= PROBLEM REQUIREMENTS =
Only the pictures are to be dropped, and the rest of the data should be copied exactly.

= DATASET SECTION =
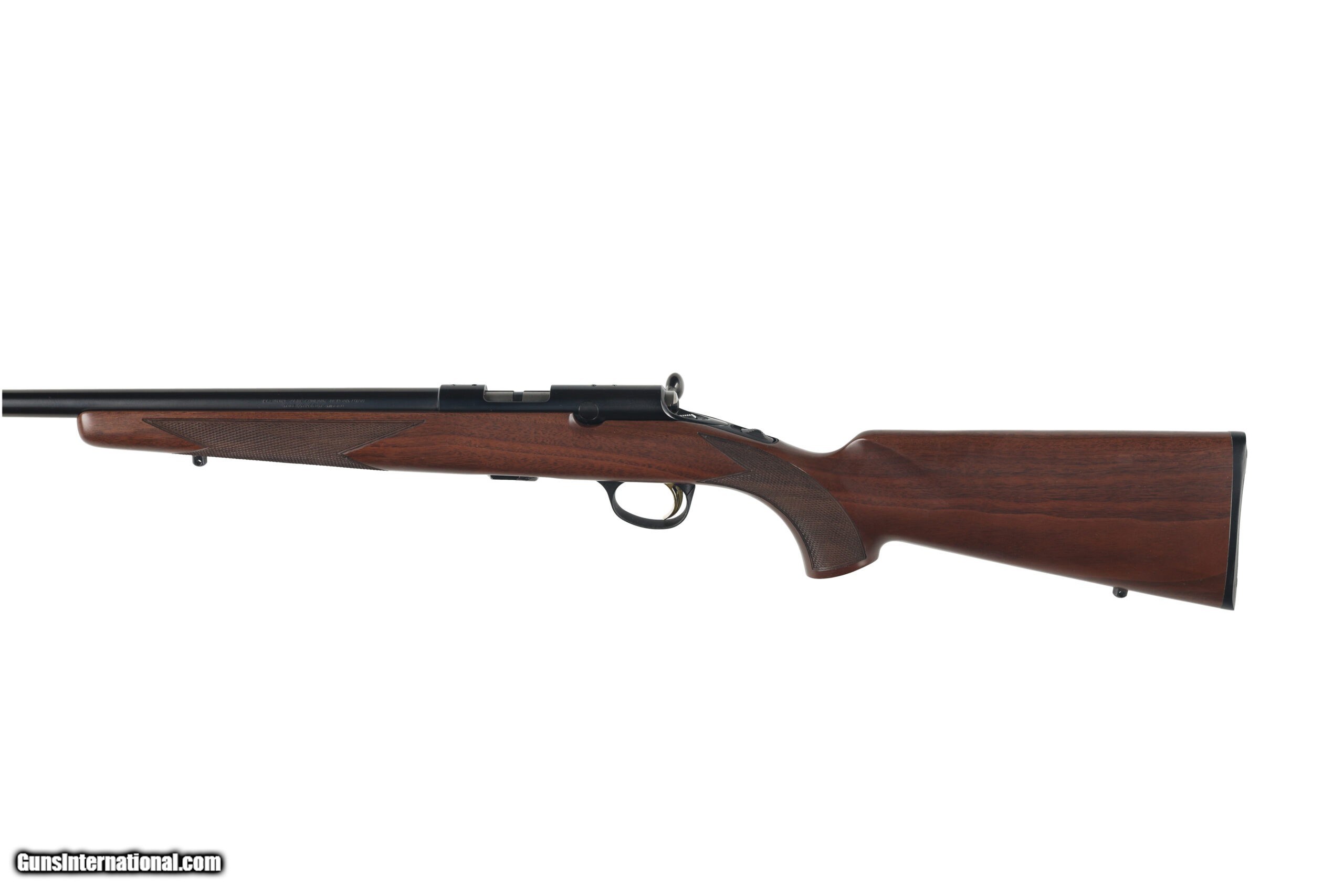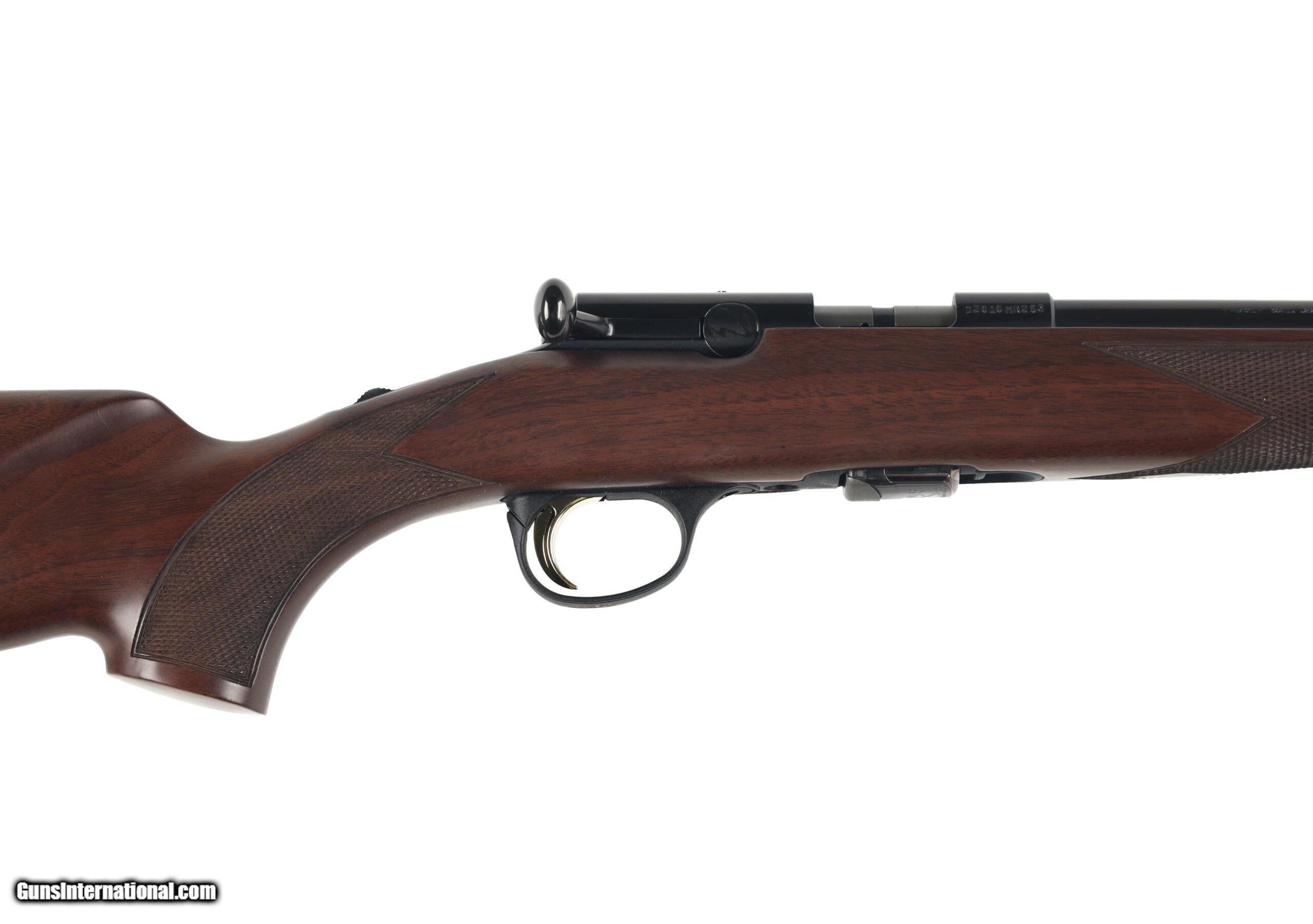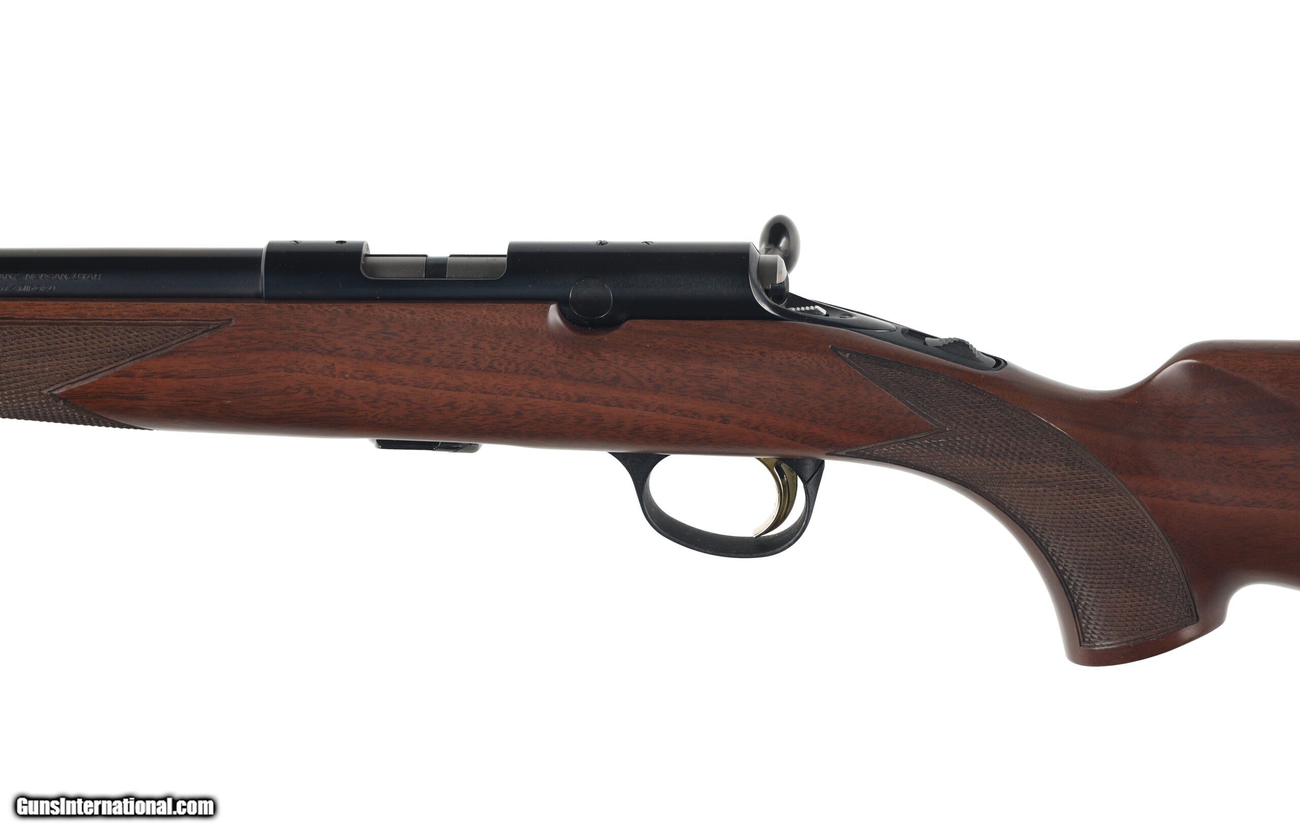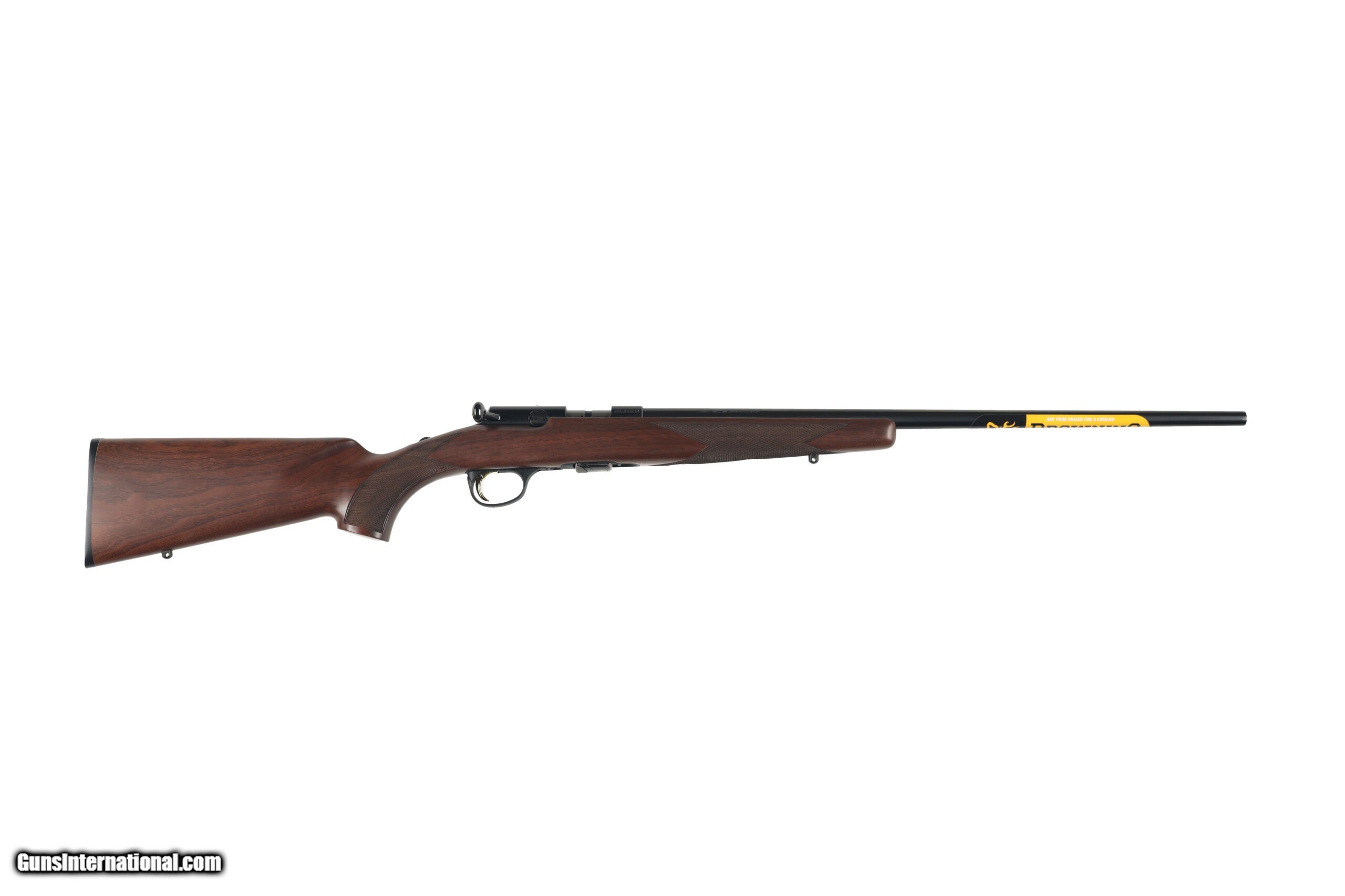 Description: The browning T-Bolt was originally released in 1965, introducing its unique straight pull bolt design utilizing a locking plunger actuated by its T shaped bolt handle. In 2006 the system was redesigned to utilize a new rotary and introduced several synthetic stock designs. This example is in like new condition, appearing to have never been used and comes in its original box. Manufactured in: Japan Hand: Right Hand Action Finish: Blue Metal Finish: Original Barrel Length: 22 Inches Barrel Condition: As New Stock Finish: Original Stock Condition: As New Type of Butt: Factory Plate Grip: Pistol Forend: Checkered SOLD Manufacturer: Browning Model: T-Bolt Caliber Info: .22 Long Rifle Condition: Preowned Metal Condition: As New Action: Straight Pull Bolt Triggers: Single Fore End: Checkered LOP: 13 1/2 Finish: Original Weight: 5.4 lbs Case: Factory Box |
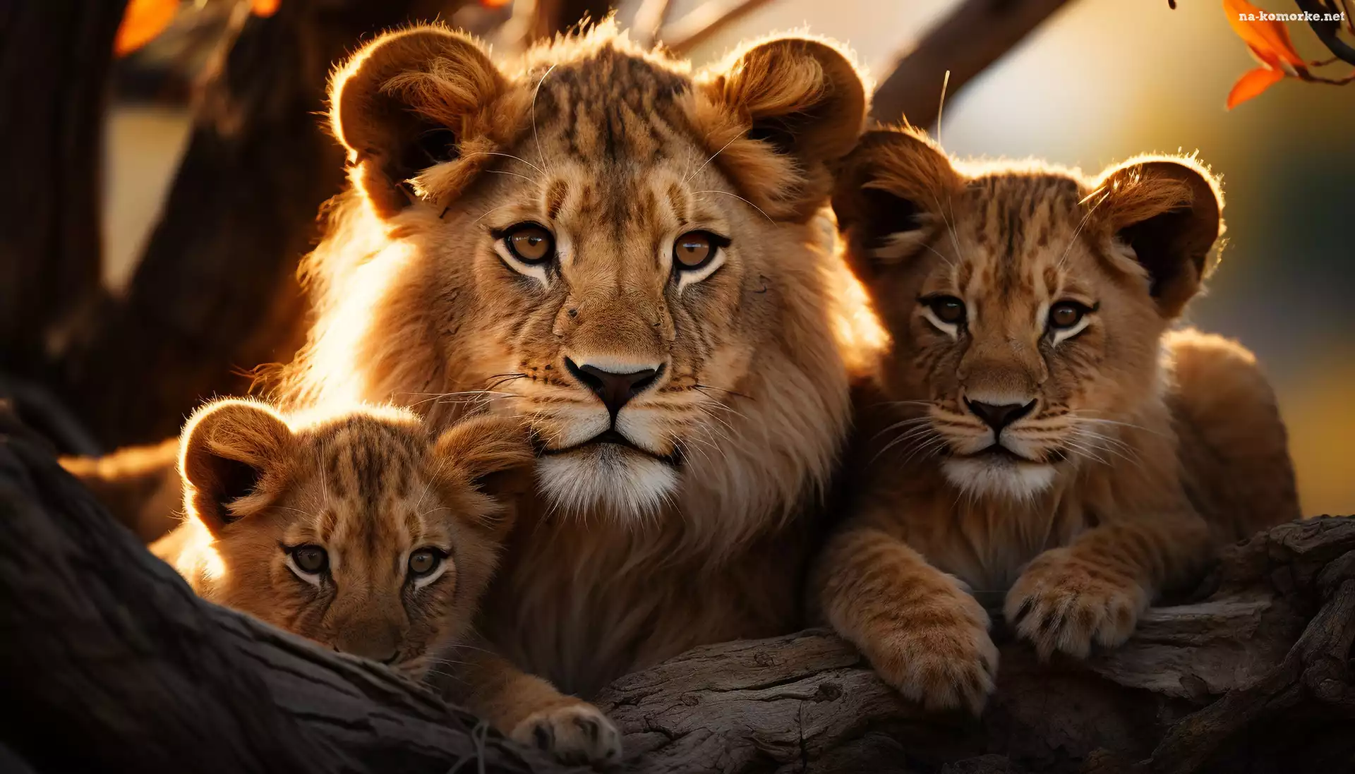 Młode, Grafika, Trzy, Lwy na Komórkę
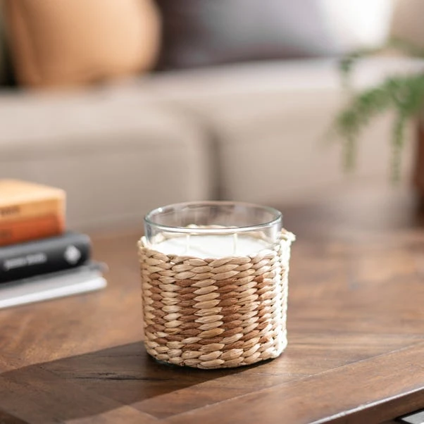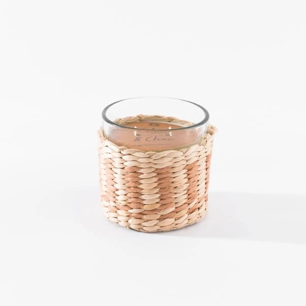 This unique candle vessel features a beautiful natural woven design, adding a boho touch to any room. The colours and unusual woven finish capture attention, making it a standout piece in your décor. With a fruity fragrance of citrus and tropical notes like mango, lemon, bergamot, and lime, the scent sparkles with hints of chai, creating a refreshing atmosphere. The glass vessel houses a multi wick candle for an even burn, offering up to 30 hours of delightful fragrance. Perfect for brightening up your space, this candle combines style and sensory indulgence. A must-have for those who appreciate both aesthetic appeal and a warm, inviting scent.

= RESULT OF THE TASK =
 Description: The browning T-Bolt was originally released in 1965, introducing its unique straight pull bolt design utilizing a locking plunger actuated by its T shaped bolt handle. In 2006 the system was redesigned to utilize a new rotary and introduced several synthetic stock designs. This example is in like new condition, appearing to have never been used and comes in its original box. Manufactured in: Japan Hand: Right Hand Action Finish: Blue Metal Finish: Original Barrel Length: 22 Inches Barrel Condition: As New Stock Finish: Original Stock Condition: As New Type of Butt: Factory Plate Grip: Pistol Forend: Checkered SOLD Manufacturer: Browning Model: T-Bolt Caliber Info: .22 Long Rifle Condition: Preowned Metal Condition: As New Action: Straight Pull Bolt Triggers: Single Fore End: Checkered LOP: 13 1/2 Finish: Original Weight: 5.4 lbs Case: Factory Box |
 Młode, Grafika, Trzy, Lwy na Komórkę
 This unique candle vessel features a beautiful natural woven design, adding a boho touch to any room. The colours and unusual woven finish capture attention, making it a standout piece in your décor. With a fruity fragrance of citrus and tropical notes like mango, lemon, bergamot, and lime, the scent sparkles with hints of chai, creating a refreshing atmosphere. The glass vessel houses a multi wick candle for an even burn, offering up to 30 hours of delightful fragrance. Perfect for brightening up your space, this candle combines style and sensory indulgence. A must-have for those who appreciate both aesthetic appeal and a warm, inviting scent.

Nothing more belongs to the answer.